World.plan(goal_spec=..., provider="mock")
|
|-- parse goal_spec or goal_json into StructuredGoal
|-- resolve scene object selectors
|-- create one or more WorldForge Action objects
|-- for each action:
| provider.predict(simulated_state, action, steps=1)
| validate PredictionPayload
| append predicted state and physics score
|
`-- return Plan(
planning_mode="predict",
actions=[...],
predicted_states=[...],
success_probability=heuristic average of physics scores
)
Mermaid sequence:
sequenceDiagram
participant App as Host app
participant World
participant Provider
participant Plan
App->>World: plan(goal_spec, provider)
World->>World: normalize StructuredGoal
loop per action
World->>Provider: predict(snapshot, action, steps=1)

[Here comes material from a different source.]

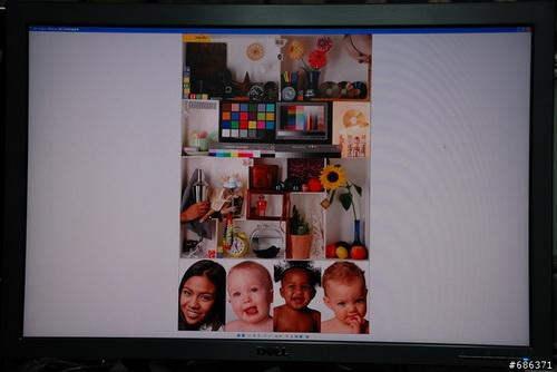 3007WFP的真实对比大约是800:1或900:1,由于是用S-IPS面板,加上规格表上117%超广色域,很多人一定很好奇它的颜色表现,一句话,真的超赞!画面非常自然柔和,渐层、细节、肤色都非常棒,绝对没有一般便宜屏幕过度拉高对比度,造成死白的现象,亮部细节都很清楚,只有因为对比不高,极暗的部分会些微流失,就算是出厂默认值也有相当饱满的颜色。不过大家一定觉得纯文本叙述不够贴切,所以我借了Spyder2 Pro(谢谢花大!!),看看3008WFP默认值的颜色与校正后的效果。

Provider-->>World: PredictionPayload
World->>World: validate and collect predicted state
end
World-->>Plan: Plan(planning_mode="predict")
Plan-->>App: actions + predicted_states
Score-Based Planning Pipeline¶
Score-based planning is the LeWorldModel-shaped path. It keeps WorldForge-native actions separate from optional model-native scorer payloads.
Host owns task preprocessing
|
|-- score_info
| |-- pixels task-shaped observation history
| |-- goal task-shaped goal observation
| `-- action task-shaped action history
|
|-- score_action_candidates (optional)
| |-- omitted: WorldForge serializes candidate_actions with Action.to_dict()
| `-- provided: tensor or nested numeric array shaped for the score provider
|
`-- candidate_actions
`-- WorldForge Action sequences, one sequence per scored candidate
World.plan(..., provider="leworldmodel", execution_provider="mock")
|
|-- require provider.capabilities.score
|-- call provider.score_actions(info, action_candidates)
|-- receive ActionScoreResult(scores, best_index, lower_is_better=True)
|-- choose candidate_actions[best_index]
|-- return Plan(planning_mode="score", predicted_states=[])
World.execute_plan(plan)
|
|-- choose execution_provider from explicit arg or plan metadata
|-- require execution provider supports predict
`-- apply selected WorldForge actions through predict(...)
The separation is intentional:
- LeWorldModel ranks action tensors in its own task space.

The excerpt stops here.